手術の当日、手術室で麻酔科の医師が2人待っていました。ストレッチャーに乗せられ、脊髄に麻酔薬を入れる点滴の針を刺され、酸素吸入のマスクが付けられ、「麻酔を入れます」という医師の声が聞こえたかと思うと、スーッと意識がなくなりました。

気が付いたのは4時間後でした。看護師さんや美子ちゃんに見守られて、ベッドで寝ていました。時間の経過が感覚としてないので、ベッドにいるのも不思議だし、いつの間にか手術をされているのも不思議だし、本当にタイムトリップした感じがありました。

あとで聞くと、大腸のガンの部分を13センチ切ったそうです。幸い初期だったので転移もしていなくて、1週間後に退院しました。

結果的には、ぼくがフラフラしたことでガンが見付かったわけです。あのフラフラはなんだったのでしょうか。院長先生に聞くと、ガンの部分から出血があって、貧血でフラフラしたのではないかということでしたが、出血があるほどガンが進行していたわけでもありません。「ガンですよ」という、体の中からの信号だったのかもしれません。
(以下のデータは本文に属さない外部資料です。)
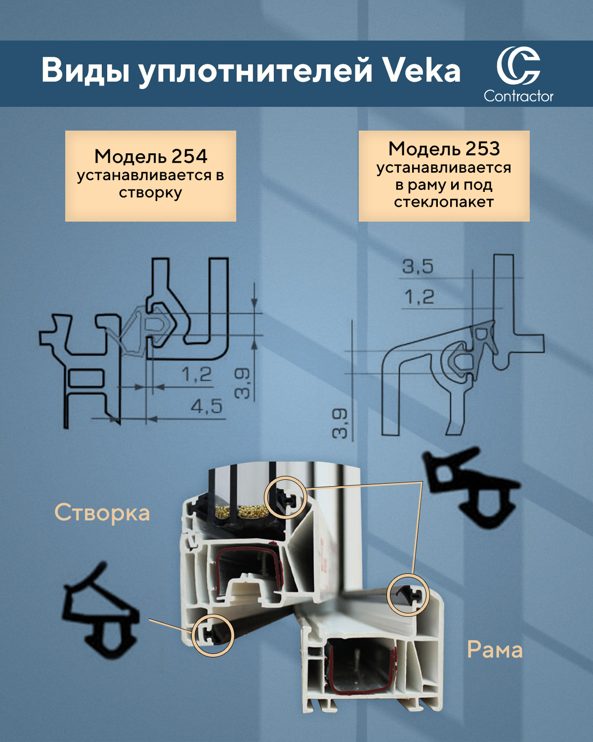 Уплотнитель для окон ПВХ Veka рама, стеклопакет (модель 112.253) черный 40 метров

こうして、初めての人間ドックは、ピロリ菌が発見されたり、ガンが発見されたりと大変な成果があり、ぼくの寿命を何年か延ばしてくれたと思います。

あれから14年、同じクリニックで胃と大腸の内視鏡検査を毎年受けています。全身麻酔で「一瞬の極楽浄土」に行くことが、ぼくの密かな楽しみになっています。